Manuel Zetina told his friend he’d kill a cop when he got the chance.
I don’t know a lot about Manuel, the young man who murdered my husband. But what I do know allows me to infer some things. He was a minority. He was looking for the belonging and power that gang affiliation brings. Therefore I can infer that he perceived an us vs them mentality with law enforcement. He believed it would be fair to take the life of an officer because of the minority lives that have been lost or taken by police encounters.
The worldview that police are brutal, untrustworthy, power hungry murderers is sweeping our nation like a fierce flame right now. Manuel certainly wasn’t alone in kindling rage about the injustices that happen to people by the police. Or the perception that it goes unchecked because of systemic racism.
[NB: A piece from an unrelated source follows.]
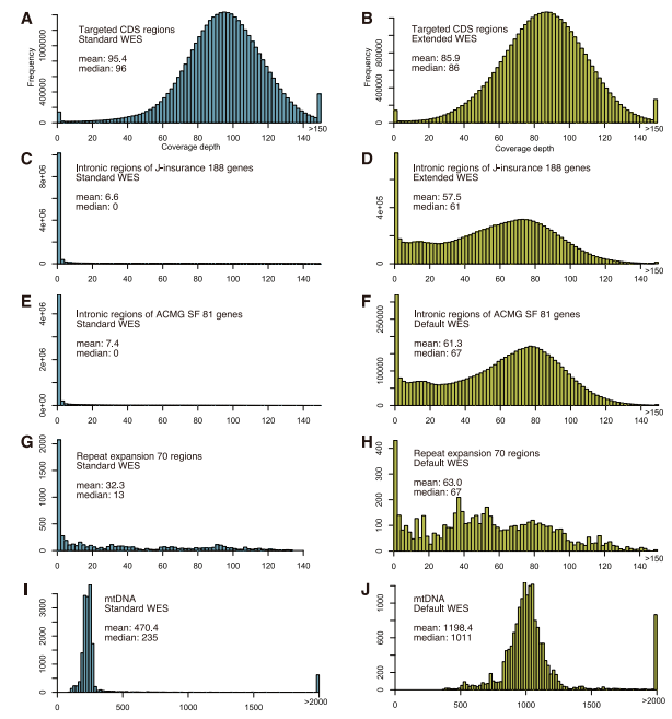作者采用标准基因组DNA样本HG001和HG002,对标准WES和扩展WES的覆盖率进行了比较。结果显示,扩展WES在CDS区域的平均覆盖深度比标准WES仅降低10.0%(图A、B)。对于内含子和UTR,相比标准WES大部分未被检测到,扩展WES深度≥10的覆盖率也能达到85%以上(图C-F)。在70个重复区中,约50%可被WES的覆盖,扩展WES的覆盖率增加到85%以上(图G, H)。对于线粒体DNA,扩展WES覆盖率轻易可达到100%(图I, J)。

We are a nation at war with itself. There are a majority of people who would like for us, America, to be fine. To be ok. We would like to see no evil, hear no evil, speak no evil. And there is another part of our nation that feels unseen and unheard and without a voice. We pretend it’s ok because the way we came into this conflict is awkward. We’d prefer to wave a magic wand and have it be “done.” We inherited a problem we’d rather not have to deal with. And we’re afraid to say the wrong thing, stir the pot or offend someone.
Well. Consider the pot stirred. Combine the rampant fear that Covid has unleashed and the feelings of entrapment from quarantine with a festering 400 year old wound, and the razor thin veil of peace we’ve had since 2014 can no longer hold back the conflict that is now boiling over.
The people are calling for Justice for George. But despite the officer who killed him being charged with murder, rioting continues. Because people don’t want justice. They want revenge. From my front row seat to this culture war- HEAR ME SAY THIS:
🔥Revenge will not ease your pain, it will multiply it.
🔥Revenge will not restore what has been lost, it will magnify it by stealing from others.
🔥Revenge will not cool your rage, it will kindle it.
Because after you have smashed bricks through windows and ambushed police, you will still be left with your broken heart and dirty hands. Only forgiveness truly has the power to set you free. To release me from bitterness that someone murdered my husband out of spite. Forgiveness isn’t apathy or annulment of wrong. Forgiveness is taking back your power by releasing your emotional grip on the person who hurt you. Manuel was attempting to avenge his perception of injustice. An eye for an eye. But instead he fixed nothing and perpetuated trauma in dozens of other lives.
Depending on your perspective, stop burning down businesses and assaulting people, which has now flipped you from victim to aggressor and drained the influence that is generated from peaceful protests. Or if your closest proximity to this is CNN, it’s time to get in the conversation. It’s ok if they’re loud. It’s ok if they’re messy. It’s ok if you say the wrong thing at times.
We can no longer afford to be silent. Men and women are dying right and left on both sides of this conflict. Be brave. Be respectful. Find someone who thinks differently than you do and start talking. There are valid arguments for both the police and the public. The stalemate has ended and your participation is necessary for the healing we are desperate for. Don’t buy into the lie that you can’t be part of the solution. Your voice is powerful! Use it for good! Come to the table. Be receptive. Listen well. Ask good questions. It doesn’t have to be this way. We can change. We can heal.